Um historiador já disse que “la ley del odio ha sido una constante en la Historia de los argentinos”. No século XIX, a guerra civil entre unitários e federales dividiu o país vizinho entre Buenos Aires e o interior. No começo do século XX, o choque entre uma aristocracia que se vangloriava de acompanhar as grandes tendências da Europa — então o centro do mundo — e uma classe operária que começava a se fazer presente com força gerou alguns episódios sangrentos, com destaque para a “semana trágica” de 1919, com sua sequela de centenas de mortos. Anos depois, a eclosão do peronismo foi marcada desde o início pelo rancor profundo entre peronistas e antiperonistas, com os bombardeios a Buenos Aires de 1943. Depois, houve a implantação de um governo com claros traços autoritários nos dez anos da Presidência de Perón; os fuzilamentos — na época da Revolução Libertadora que proscreveu o peronismo — de José León Suárez, que Rodolfo Walsh imortalizaria no livro “Operación Masacre”; e, já no “segundo peronismo” nos anos 70, o sequestro e morte do ex-presidente Aramburu pelos Montoneros; os assassinatos em massa em Ezeiza (200 mortos) no dia do retorno de Perón ao país; e a origem da Aliança Anticomunista Argentina (a temível “Triple A”) tramada nos gabinetes oficiais naqueles anos de horror.
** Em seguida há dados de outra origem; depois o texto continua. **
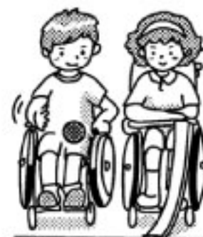
投球補助具「ランプ」

白色のジャックボール（目標球）に、いかに自分たちのボールを近づけるかを競うスポーツ。 各チームが投げる手数は6球。最終的に、それぞれが一番近い球を比べ、速いチーム（●）の球の位置が基準の範囲になります。その範囲の中にある球の数が得点です。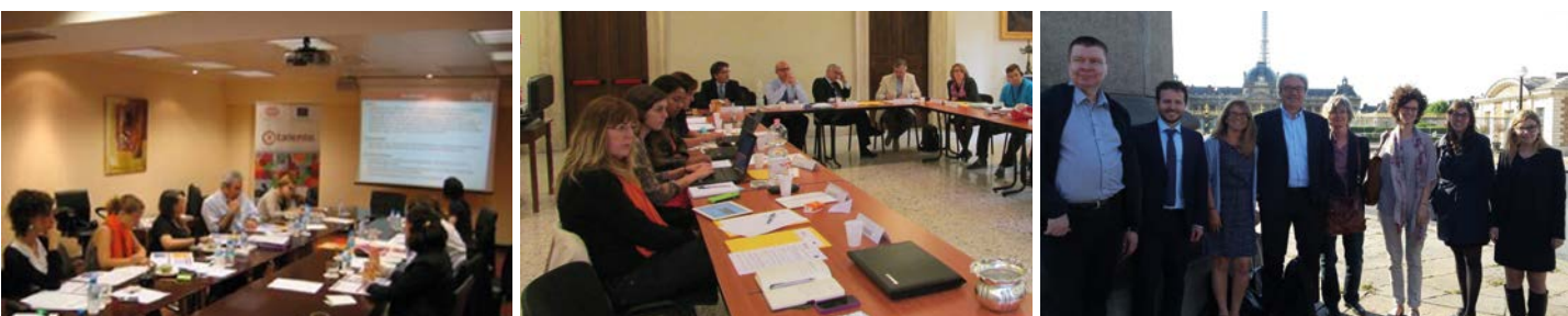
Ejemplos de encuentros de los socios de las Redes (de izquierda a derecha): InNet 16 en Madrid, 2011; RSE+D en Roma, 2013; e incluD-ed en París, 2015.

Son múltiples los ejemplos que podrían mencionarse, destacando aquí solo algunos como la participación de la Red Europea de RSE+D en las consecutivas conferencias del emblemático Zero Project promovido por Essl Foundation, la presentación de esta misma Red en el Grupo de Alto Nivel sobre RSE de la Comisión Europea en 2012, la participación de InNet 16 en 2013 en el encuentro auspiciado por el Ministerio de Infraestructura y Desarrollo de Polonia sobre Discapacidad y Fondo Social Europeo (mencionado en páginas anteriores), o la presentación de incluD-ed como experiencia destacada en el encuentro de Alto nivel sobre Discapacidad celebrado por la Presidencia letona de la UE en mayo de 2015 ("High level meeting on Disability: from Inclusive Education to Inclusive Employment for People with Disabilities").

Esse banho de sangue foi a culminação de uma tendência à crispación que foi num crescendo ao longo de décadas e que se espelhava em ações que não se limitavam aos conflitos resolvidos a bala. A leitura da biografia de Raúl Prebisch — talvez o argentino mais ilustre aos olhos do resto do mundo por algumas décadas, mas figura abominada por muitos na sua própria terra — oferece um panorama de como, na raiz do fracasso de nosso vizinho como país, encontra-se a incapacidade de convivência com a diferença, do reconhecimento do dissenso, do direito à existência de quem pensa de outra forma.
O escritor Octavio Paz, tentando extrair algo de graça de uma história no fundo lúgubre, dizia com humor que “pensei que não havia nada mais apaixonante que uma corrida de touros, até que vi dois argentinos discutindo sobre política”.
Talvez as expressões emblemáticas mais representativas de certo jeito de ser da política local sejam os símbolos de dois partidos que eram, teoricamente, forças que ocupavam o centro político argentino nos anos 70: a União Cívica Radical — o radicalismo — e o partido que foi criado a partir de uma dissidência do antiperonismo. O lema da UCR era “se rompe pero no se dobla”, fazendo alusão a um galho que pode ser “quebrado, mas não vergado”, toda uma apologia da inflexibilidade, que é o oposto do que se espera do diálogo — ou seja, flexibilidade! Por sua vez, a agremiação criada pelos dissidentes tinha como nome “Partido Intransigente”, o que carregava no nome a própria negação da política. Por isso, Nicolás Schumway, diretor do Centro de Estudos Latino-Americanos da Universidade do Texas e autor de “La invención de la Argentina”, concluiu depois de uma longa reflexão que “no imaginário dos argentinos, a intransigência converteu-se num valor moral”. Quem tiver visto alguns filmes da safra argentina dos últimos 20 anos identificará essa cizânia até nos atos mais singelos, como uma reunião de um clube de bairro. A base da argumentação é sempre a desqualificação do interlocutor.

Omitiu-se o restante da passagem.